Data entries

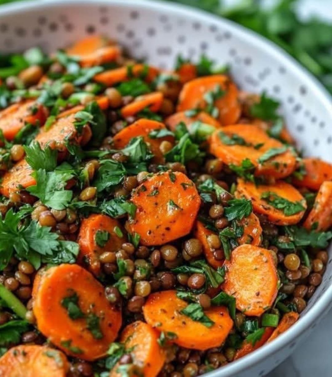 Carrot and Lentil Salad — earthy, slightly sweet, and tangy with a satisfying bite. It’s great warm or cold, perfect for lunch prep, potlucks, or as a fiber-rich side.
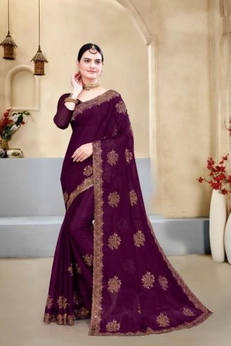 Chiffon: The saree is crafted from chiffon, a lightweight and sheer fabric. Chiffon is often made from silk, polyester, or a blend of synthetic fibers. It has a soft and slightly textured surface, providing a graceful drape.
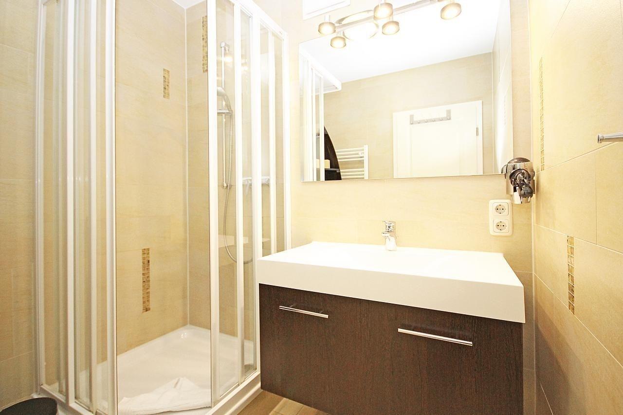 Das hochwertig ausgestattete Badezimmer verfügt über eine Fußbodenheizung, eine Dusche sowie einen großzügigen Waschtisch mit Unterschrank. Ein großer beleuchteter Spiegel, ein Haartrockner sowie ein Handtuchheizkörper sind ebenfalls vorhanden.
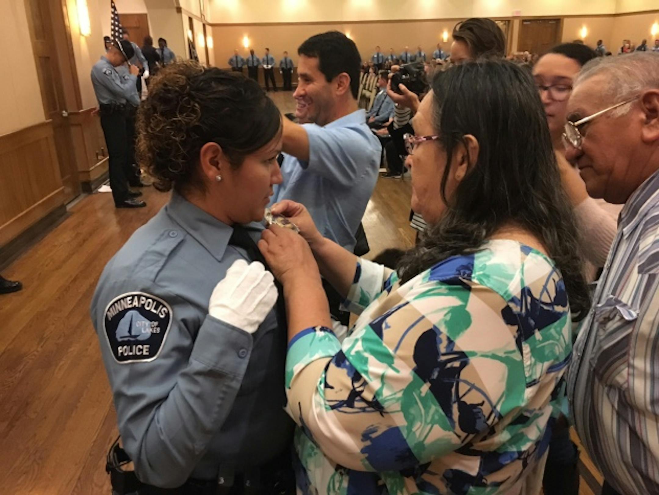 A family member pins a badge on a newly sworn-in Minneapolis police officer during a graduation ceremony on Tuesday, November 1, 2016. Libor Jany/Star Tribune
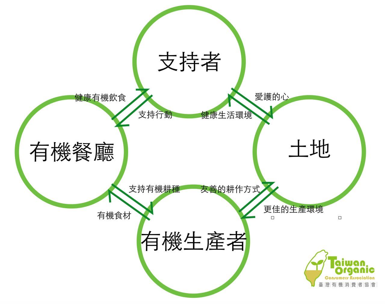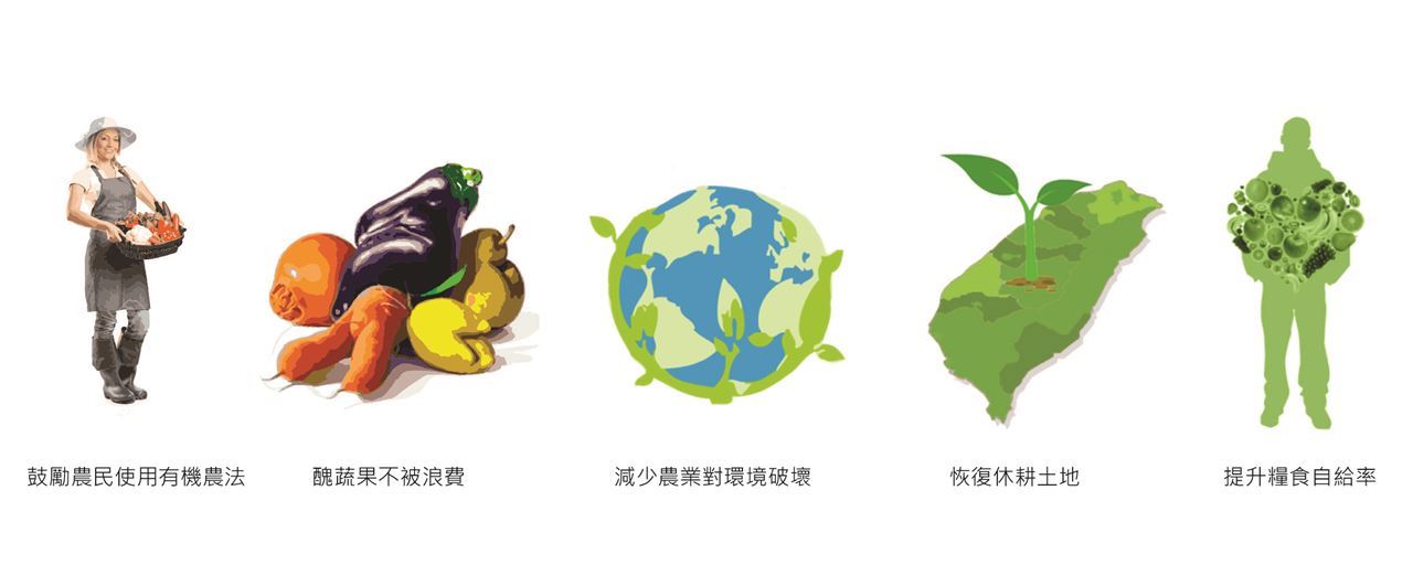 在鼓勵農民種植有機、產銷履歷之食材的同時,也讓有機小農所生產的醜蔬果不被淘汰,以提升有機農民的收入和意願。這樣的方式,能降低農業對環境的破壞、恢復台灣休耕土地,進而提升糧食自給率,使得我們有更健康的生存環境。另一方面,美食街現場料理的形式也能讓消費者可以直接看到選用在地食材或溯源或產銷履歷食材所做出之好料理。這樣的整個相互支持的過程形成了一種支持型的系統。

• What the task asks: All pictures are to be skipped. Output, word for word, the lines in the data above starting at the line containing "Das hochwertig ausgestattete" and ending at the line containing "A family member".

• Answer to this problem:
 Das hochwertig ausgestattete Badezimmer verfügt über eine Fußbodenheizung, eine Dusche sowie einen großzügigen Waschtisch mit Unterschrank. Ein großer beleuchteter Spiegel, ein Haartrockner sowie ein Handtuchheizkörper sind ebenfalls vorhanden.
 A family member pins a badge on a newly sworn-in Minneapolis police officer during a graduation ceremony on Tuesday, November 1, 2016. Libor Jany/Star Tribune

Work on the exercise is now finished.